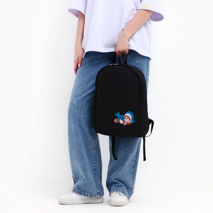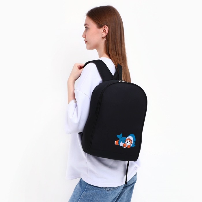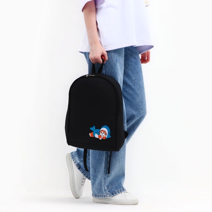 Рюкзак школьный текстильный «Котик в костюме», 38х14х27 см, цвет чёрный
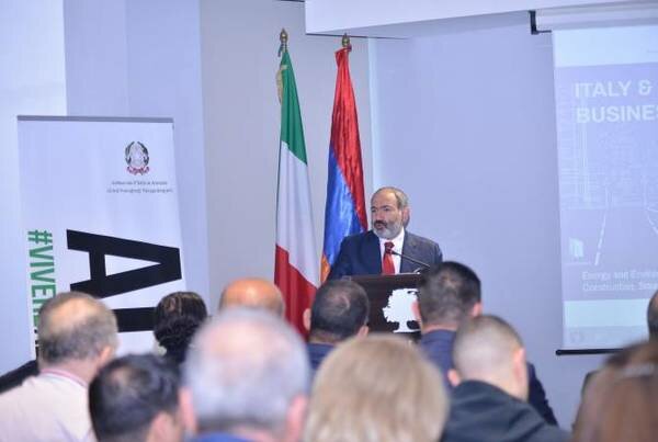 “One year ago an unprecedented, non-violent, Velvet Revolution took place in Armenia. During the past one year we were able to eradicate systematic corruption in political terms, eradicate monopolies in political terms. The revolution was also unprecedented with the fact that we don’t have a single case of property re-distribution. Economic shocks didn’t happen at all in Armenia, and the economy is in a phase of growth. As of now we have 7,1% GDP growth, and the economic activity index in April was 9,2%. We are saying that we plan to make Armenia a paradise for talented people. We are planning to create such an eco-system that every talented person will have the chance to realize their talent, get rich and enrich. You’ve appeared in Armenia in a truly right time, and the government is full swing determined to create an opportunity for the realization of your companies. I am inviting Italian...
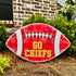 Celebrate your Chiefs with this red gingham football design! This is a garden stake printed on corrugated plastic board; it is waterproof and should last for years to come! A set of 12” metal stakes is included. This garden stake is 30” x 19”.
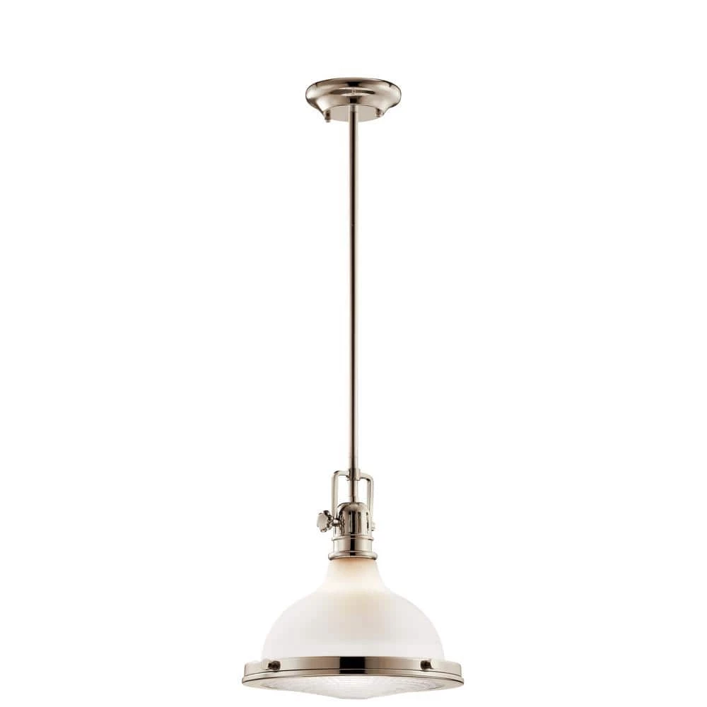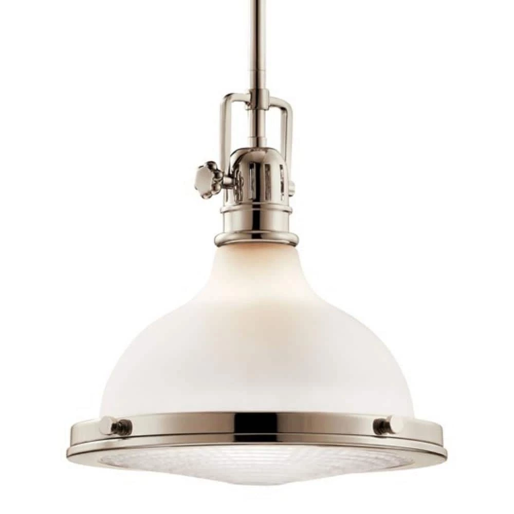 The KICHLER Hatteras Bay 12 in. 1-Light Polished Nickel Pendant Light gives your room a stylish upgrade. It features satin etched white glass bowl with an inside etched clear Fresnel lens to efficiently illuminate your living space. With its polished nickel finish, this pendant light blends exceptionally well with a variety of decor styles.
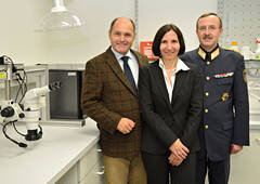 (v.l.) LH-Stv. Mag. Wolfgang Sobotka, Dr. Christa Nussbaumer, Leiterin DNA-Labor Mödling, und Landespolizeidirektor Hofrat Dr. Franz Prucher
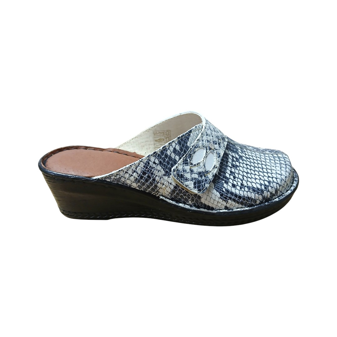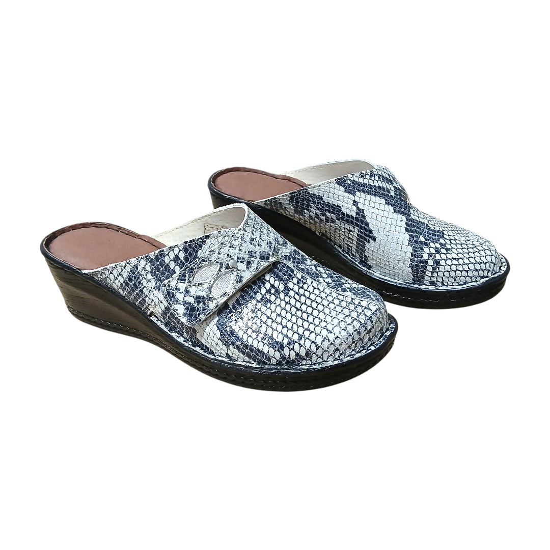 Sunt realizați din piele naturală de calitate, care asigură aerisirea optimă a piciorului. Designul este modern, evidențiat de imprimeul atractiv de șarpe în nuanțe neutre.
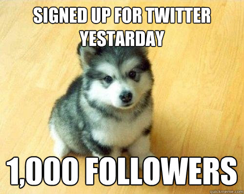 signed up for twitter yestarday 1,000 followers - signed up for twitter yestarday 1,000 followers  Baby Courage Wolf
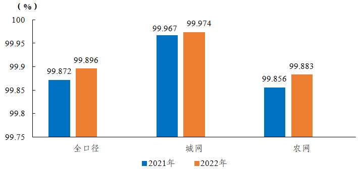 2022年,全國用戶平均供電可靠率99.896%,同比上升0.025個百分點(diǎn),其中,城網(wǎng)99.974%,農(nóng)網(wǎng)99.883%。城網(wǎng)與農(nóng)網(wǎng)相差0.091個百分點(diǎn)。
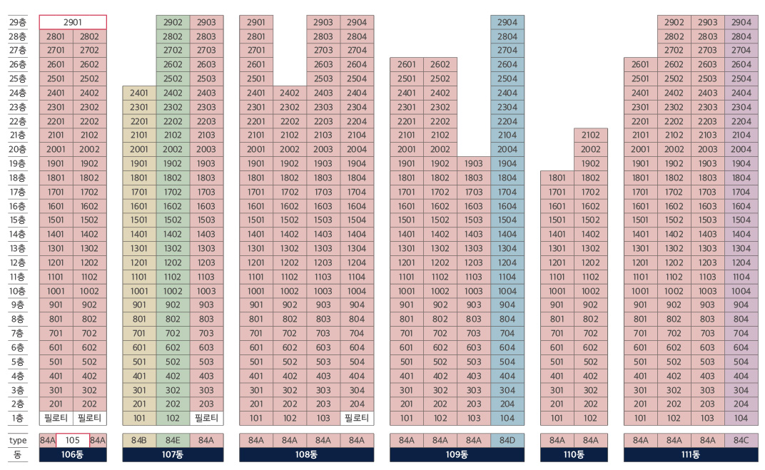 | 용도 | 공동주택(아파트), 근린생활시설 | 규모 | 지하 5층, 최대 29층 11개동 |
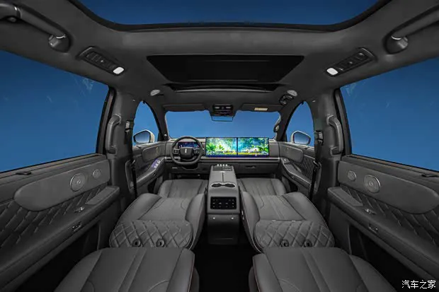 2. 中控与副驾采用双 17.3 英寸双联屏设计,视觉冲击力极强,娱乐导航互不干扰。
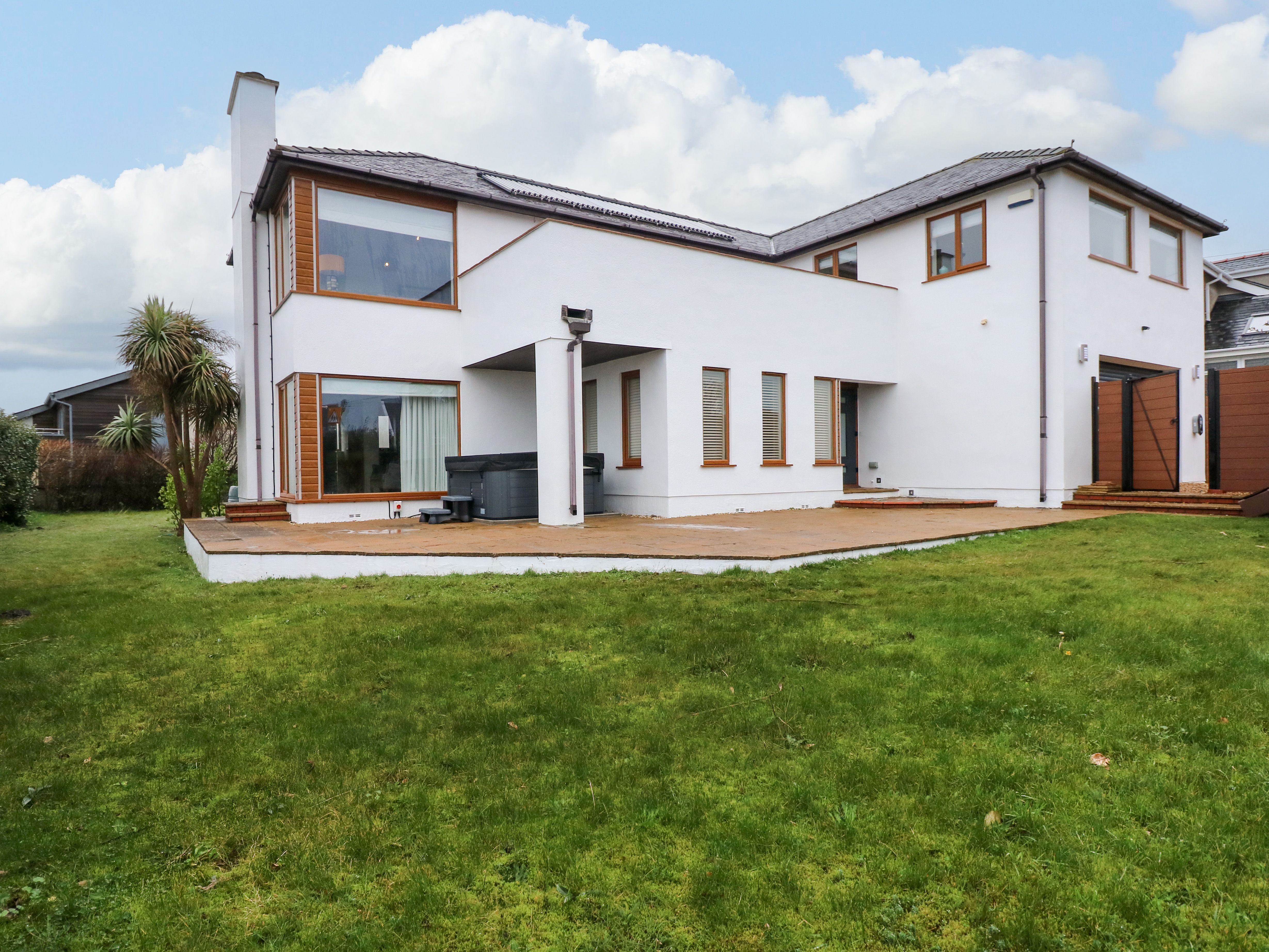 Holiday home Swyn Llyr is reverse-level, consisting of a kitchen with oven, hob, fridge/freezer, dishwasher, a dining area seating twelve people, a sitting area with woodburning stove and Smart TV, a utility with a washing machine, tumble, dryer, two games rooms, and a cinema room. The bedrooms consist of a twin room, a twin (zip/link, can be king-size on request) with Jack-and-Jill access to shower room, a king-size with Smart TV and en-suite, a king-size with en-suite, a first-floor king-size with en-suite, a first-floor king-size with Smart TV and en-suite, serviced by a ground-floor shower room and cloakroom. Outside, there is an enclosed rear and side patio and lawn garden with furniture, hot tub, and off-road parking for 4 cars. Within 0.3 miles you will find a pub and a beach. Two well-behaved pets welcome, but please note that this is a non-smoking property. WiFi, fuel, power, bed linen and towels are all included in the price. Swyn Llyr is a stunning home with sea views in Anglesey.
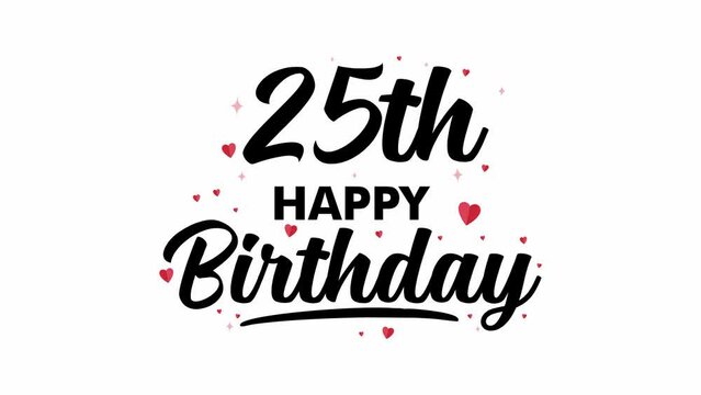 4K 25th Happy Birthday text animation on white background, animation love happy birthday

****

--- What to produce ---
I'd like every record transcribed exactly, with no pictures carried over.

--- Output below ---
 Рюкзак школьный текстильный «Котик в костюме», 38х14х27 см, цвет чёрный
 “One year ago an unprecedented, non-violent, Velvet Revolution took place in Armenia. During the past one year we were able to eradicate systematic corruption in political terms, eradicate monopolies in political terms. The revolution was also unprecedented with the fact that we don’t have a single case of property re-distribution. Economic shocks didn’t happen at all in Armenia, and the economy is in a phase of growth. As of now we have 7,1% GDP growth, and the economic activity index in April was 9,2%. We are saying that we plan to make Armenia a paradise for talented people. We are planning to create such an eco-system that every talented person will have the chance to realize their talent, get rich and enrich. You’ve appeared in Armenia in a truly right time, and the government is full swing determined to create an opportunity for the realization of your companies. I am inviting Italian...
 Celebrate your Chiefs with this red gingham football design! This is a garden stake printed on corrugated plastic board; it is waterproof and should last for years to come! A set of 12” metal stakes is included. This garden stake is 30” x 19”.
 The KICHLER Hatteras Bay 12 in. 1-Light Polished Nickel Pendant Light gives your room a stylish upgrade. It features satin etched white glass bowl with an inside etched clear Fresnel lens to efficiently illuminate your living space. With its polished nickel finish, this pendant light blends exceptionally well with a variety of decor styles.
 (v.l.) LH-Stv. Mag. Wolfgang Sobotka, Dr. Christa Nussbaumer, Leiterin DNA-Labor Mödling, und Landespolizeidirektor Hofrat Dr. Franz Prucher
 Sunt realizați din piele naturală de calitate, care asigură aerisirea optimă a piciorului. Designul este modern, evidențiat de imprimeul atractiv de șarpe în nuanțe neutre.
 signed up for twitter yestarday 1,000 followers - signed up for twitter yestarday 1,000 followers  Baby Courage Wolf
 2022年,全國用戶平均供電可靠率99.896%,同比上升0.025個百分點(diǎn),其中,城網(wǎng)99.974%,農(nóng)網(wǎng)99.883%。城網(wǎng)與農(nóng)網(wǎng)相差0.091個百分點(diǎn)。
 | 용도 | 공동주택(아파트), 근린생활시설 | 규모 | 지하 5층, 최대 29층 11개동 |
 2. 中控与副驾采用双 17.3 英寸双联屏设计,视觉冲击力极强,娱乐导航互不干扰。
 Holiday home Swyn Llyr is reverse-level, consisting of a kitchen with oven, hob, fridge/freezer, dishwasher, a dining area seating twelve people, a sitting area with woodburning stove and Smart TV, a utility with a washing machine, tumble, dryer, two games rooms, and a cinema room. The bedrooms consist of a twin room, a twin (zip/link, can be king-size on request) with Jack-and-Jill access to shower room, a king-size with Smart TV and en-suite, a king-size with en-suite, a first-floor king-size with en-suite, a first-floor king-size with Smart TV and en-suite, serviced by a ground-floor shower room and cloakroom. Outside, there is an enclosed rear and side patio and lawn garden with furniture, hot tub, and off-road parking for 4 cars. Within 0.3 miles you will find a pub and a beach. Two well-behaved pets welcome, but please note that this is a non-smoking property. WiFi, fuel, power, bed linen and towels are all included in the price. Swyn Llyr is a stunning home with sea views in Anglesey.
 4K 25th Happy Birthday text animation on white background, animation love happy birthday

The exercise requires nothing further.